Sarbani

Regions with significant populations
- Afghanistan, Pakistan

Languages
- Pashto, Urdu, Dari

Religion
- Islam

Related ethnic groups
- other Pashtun tribes, other Iranian peoples

= Miani (Pashtun tribe) =

Pashtun nomadic tribe(kochi)

Miani (Mianrhi) is a pashtun tribe,
who are the descendants of Saraban, the son of Qais Abdur Raseed. Now they mainly inhabit the Gomal plains of Pakistan in the Tank District of Khyber Pakhtunkhwa, which was formerly North-West Frontier Province. Major portion of the tribe also reside in Dera Ismael Khan ( kokar, Mandhran, Pusha Pull, Baloch Wanda etc ) Panjab ( Riaz Abad, Muzaffar gharh, Jhang etc) and Balochistan ( Harnai).

==History==

===Gomal plains===

The Mianis lived in the Gomal Plains of the Tank District of Khyber Pakhtunkhwa, Pakistan

Though initially a nomadic tribe, Mianis settled in the Gomal plains by or before 1850. The estimated population of the Miani tribe was about 800 in the 1870s. They were a semi-independent group that lived along the Tank border, except for the hot season, when they moved into the hills.

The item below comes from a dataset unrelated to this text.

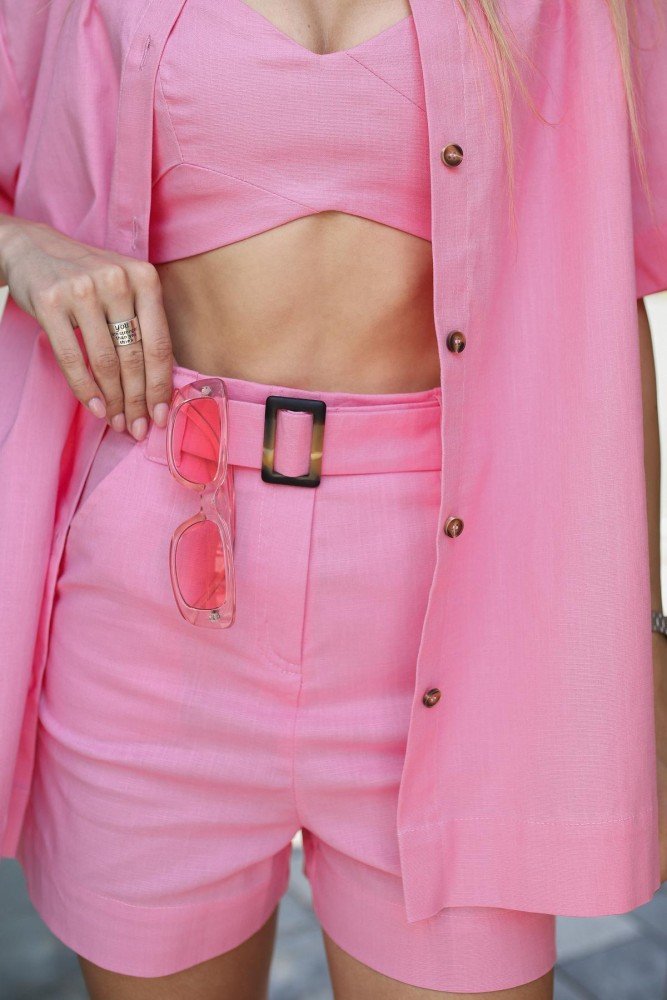 В комплект входить: сорочка з коротким рукавом, топ та шорти з поясом.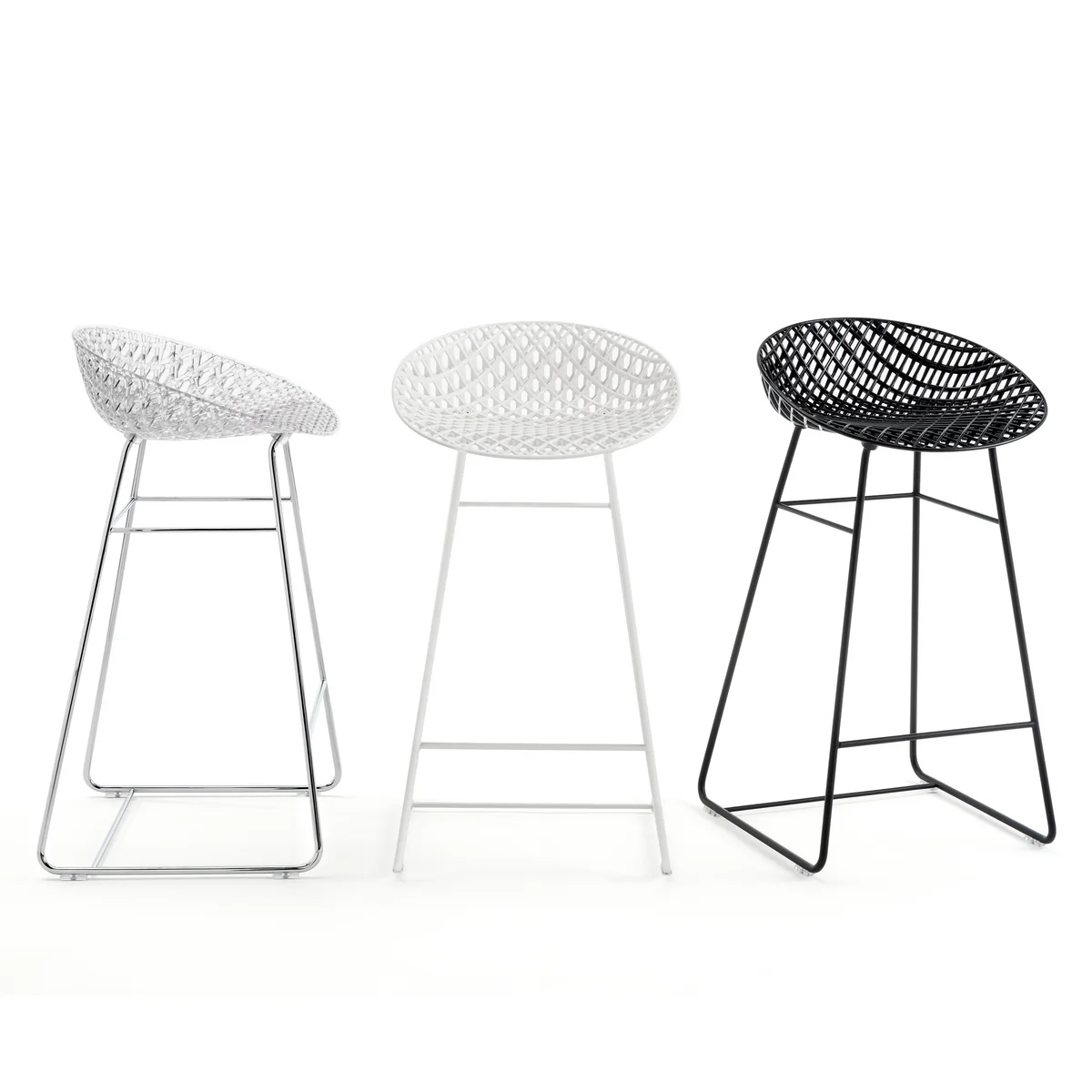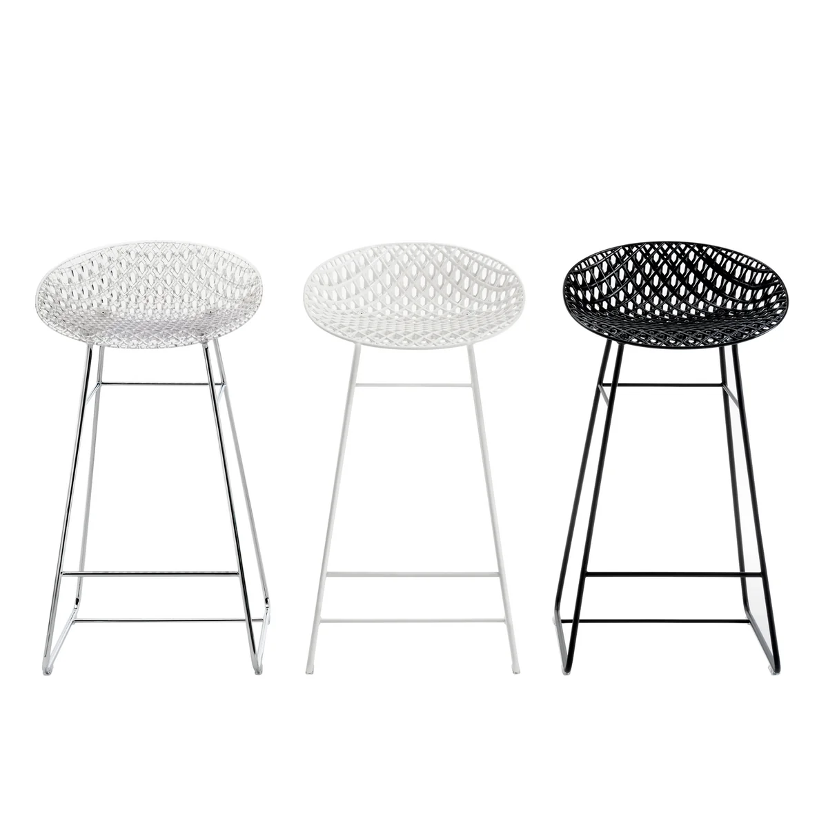 The Smatrik bar stool from Kartell combines exceptional design with innovative materials and special structures. The bar stool was designed by Tokujin Yoshioka, who created a three-dimensional effect with the seat shell of the bar stool. It makes the chair extraordinary and gives it lightness and refinement. With a seat height of 65 cm, the bar stool is particularly suitable for an elevated dining island in the kitchen or for use at the in-house bar. The bar chair is also an eye-catcher in public areas such as hotel lobbies or bars.

An important technique that the British used to manage the frontier was to make certain tribes responsible for monitoring who had passes to travel on particular routes into the hills. They called this “pass responsibility”. The Bhitannis first accepted pass responsibility on the Tank frontier. Then, pass responsibility for the Girni, Murtuza and Manjhi posts was assigned to the Miani and Ghurezai tribes in 1876. That year, they also accepted responsibility for monitoring passage into the Gomal Valley.

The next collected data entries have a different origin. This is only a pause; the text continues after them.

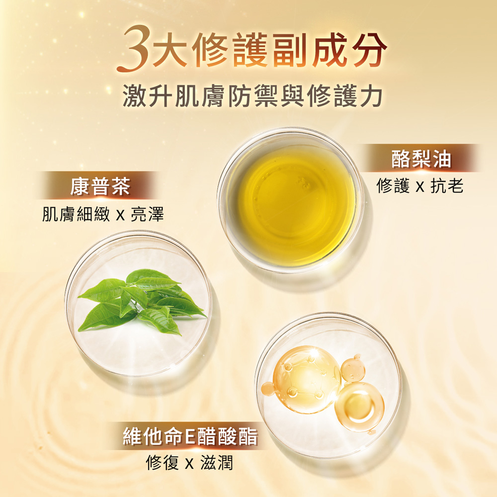 首先成分的部分也是沒在客氣,主成分是採用了「地中海岩薔薇」,富含了多重營養素,結合三大修護副成分「康普茶」、「酪梨油」、「維他命E醋酸酯」,讓你的肌膚能夠淡化細紋、緊緻肌膚、提升明亮度及滋潤度,恢復光滑會發光的少女感好氣色!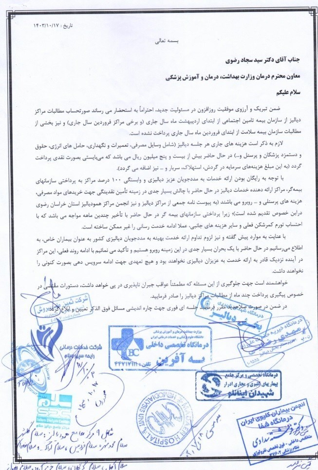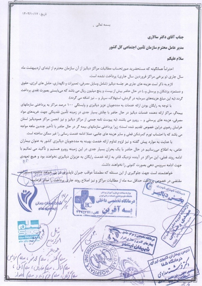 در ادامه نامههای انجمنها و مراکز دیالیز کشورمان خطاب به وزارت بهداشت و سازمان تامین اجتماعی آمده است: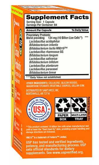 Member's Mark™ 10 Strain Probiotic contains 10 billion active cultures** per capsule and 10 strains of beneficial bacteria: Lactobacillus acidophilus, Bifidobacterium lactis HN019, Lactobacillus rhamnsosus GG, Bifidobacterium infantis, Bifidobacterium longum, Lactobacillus salivarius, Bifidobacterium bifidum, Lactobacillus plantarum, Lactobacillus paracasei and Bifidobacterium breve. This probiotic blend can help replenish healthy bacteria and support digestive and immune health.*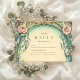Das Design ist eine bezaubernde Mischung aus Vintager und botanischer Eleganz und besticht durch sanfte, blütengrüne Rose, die mit saftigen grünen Blätter und zarten blauen Farbtönen verziert sind. Gerahmt in verzierten Gold- und Elfenbeinkurven, erinnert die Einladung an eine märchenhafte Gartenatmosphäre mit einer klassischen Jugendstil-Drehung, die sich perfekt für eine romantische und zeitlose Hochzeitsfeier eignet.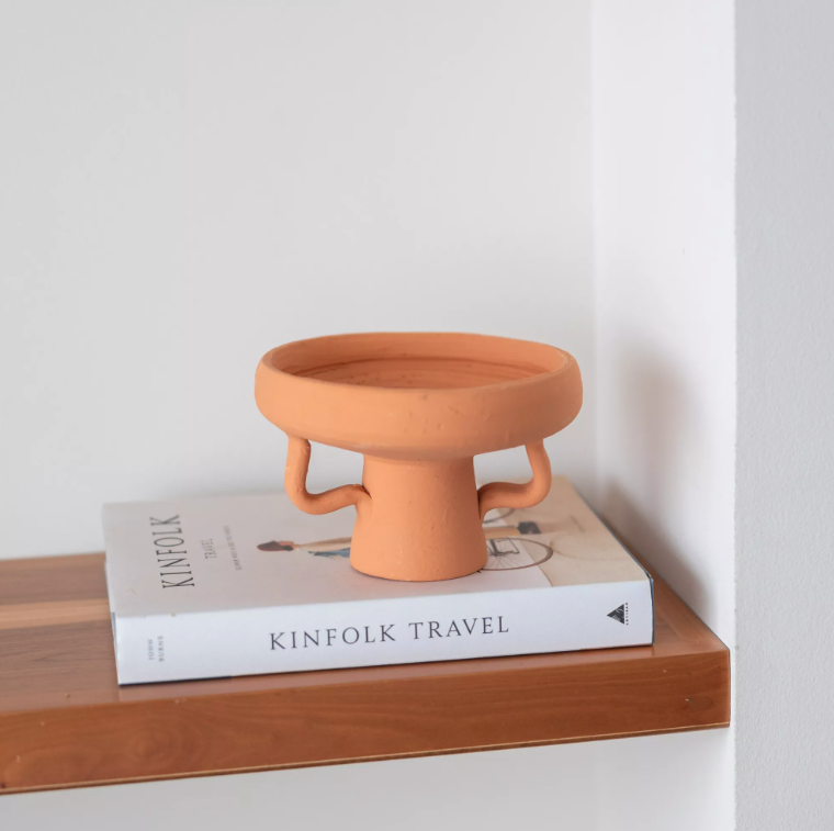 • Prato decorativo de terracota sobre livros na prateleira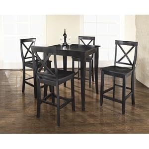 Product Description : KD520001BK Features: -Barstool has 'X' shape back for comfort.-Table has carved cabriole style legs.-ISTA 3A certified. Includes: -Set includes pub table and four barstools. Construction: -Constructed of solid hardwood and veneer. Color/Finish: -Hand rubbed multi-step black finish. Assembly Instructions: -Assembly required. Dimensions: -Seat height: 24''.-Barstool dimensions: 40'' H x 18.5'' W x 22.5'' D.-Pub table dimensions: 36'' H x 32'' W x 32'' D. Warranty: -Manufacturer provides a 3 month warranty against defects in material and workmanship.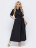 Расклешенное платье отрезное по линии талии. Застёгивается на пуговицы по полочке. Рукав регулируется шлёвкой. По бокам предусмотрены карманы. Пояс из основной ткани в комплекте.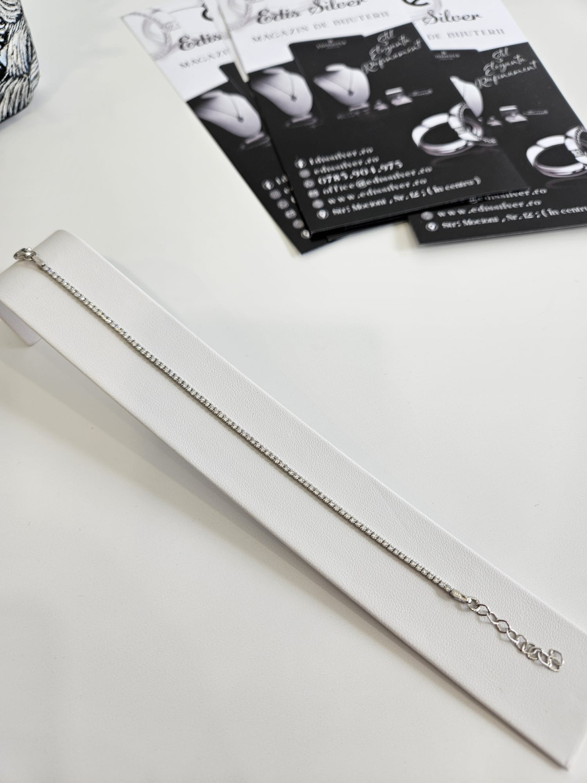 Material: Argint 925 de înaltă calitate, placat cu rodiu pentru un plus de strălucire și durabilitate. Cristalele Zirconia de 2 mm, perfect tăiate, adaugă un efect sclipitor, transformând fiecare mișcare într-un spectacol de lumină.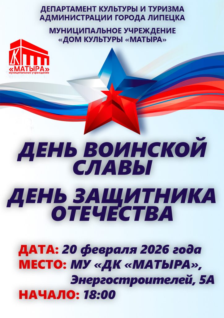 В преддверии самого мужественного и патриотичного праздника – Дня защитника Отечества, Дом культуры «Матыра» с радостью приглашает Вас на праздничный концерт, который станет настоящим подарком всем, кто стоит на страже мира и спокойствия нашей Родины. В этот день на нашей сцене выступят лучшие творческие коллективы, которые подарят вам незабываемые эмоции, яркие номера.

In 1879, when Tank was raided by Tribals and an uprising took place, wherein the tribes believed that the British control over the area is weakening, these tribals looted a number of villages around Tank. The same fact has been narrated by Evelyn Berkelen Howell, that in January 1879. To protect Tank from further plundering Miani tribe took responsibility to keep it safe from further insecurity and plundering."

===Miani in Baluchistan===

Though a portion of Miani Tribe live in Baluchistan especially in the Shirani District, sizable population of the Miani people live in Sharigh Tehsil of Harnai District in Balochistan.